Isolated soy protein is the most refined form of soy protein and is often used in finished meat products to improve eating quality, cooking tolerance and enhance flavor. It is also commonly used in baked goods to boost nutritional value. Its most common form is powder, but can also come in granules and structured fibers. Isolated soy protein contains 90% protein on a dry basis.

Soy protein concentrates are prepared from defatted soybeans by removing the water-soluble carbohydrates. Soy protein concentrates take on the flavor of the foods they enhance and tend to improve the overall quality because they retain moisture and will hold flavor through multiple cooking processes. They contain about 70% protein and 23% dietary fiber. The two most common forms of soy protein concentrates are textured soy protein concentrates and powdered functional soy protein concentrates.

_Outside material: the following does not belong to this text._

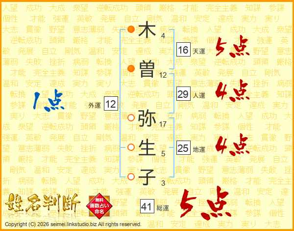 木(4画)曽(12画) 弥(17画)生(5画)子(3画)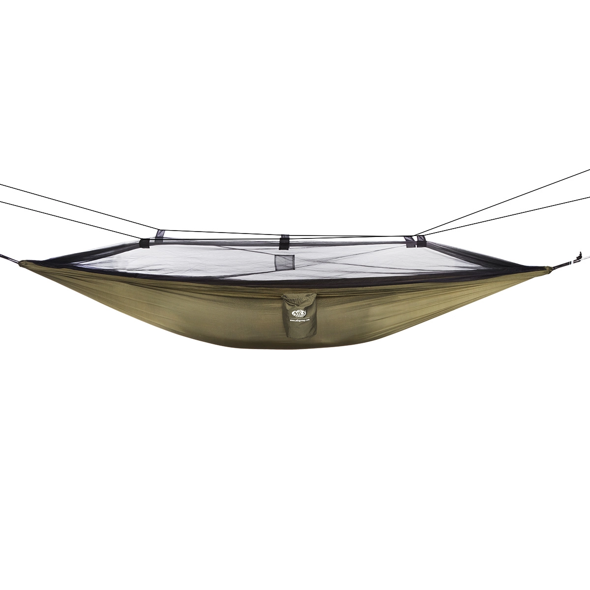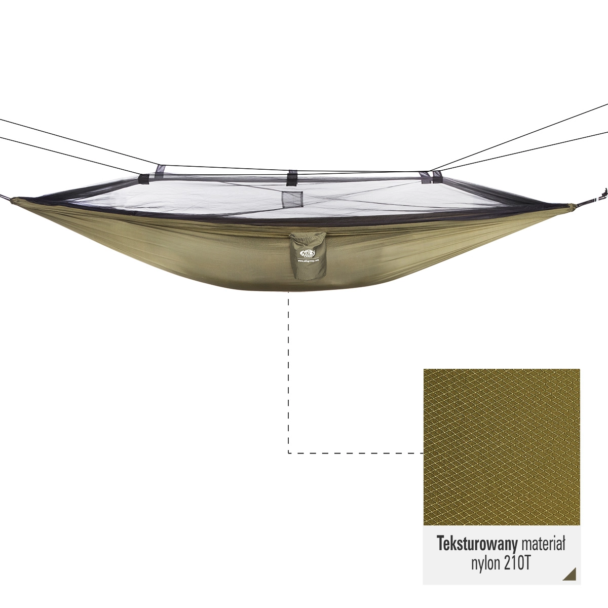 Vzdržljiv 210T najlon (70 g/m²) je lahek, zračen, odporen na vlago in se hitro suši. Po zložitvi se spravi v integriran etui velikosti 24 × 13 cm in tehta le 0,69 kg, zato je idealen za nahrbtnik. Nosilnost 180 kg ter čvrsti končni preboji s karabinami zagotavljajo zanesljivo obešanje.

Soy flour is high in protein (twice that of wheat flour) and low in carbohydrates and is usually mixed in with whole grain flours in recipes. It has a wide variety of uses such as in baking and in sauces. Soy flour is the least-processed form of soy protein and typically contains higher levels of dietary fiber. Soy flour is prepared by grinding and screening soybean flakes either before or after removal of oil, and protein content varies from 40% to 54%. Soy flour also varies in fat content, particle size and the degree of heat treatment.

There are two types of soy flour available, full-fat flour and defatted flour, from which the oil has been removed during processing. Textured soy flour is made from defatted soy flour and is compressed and dehydrated. Available in flakes, small strips, chunks or granules, it maintains the texture of foods.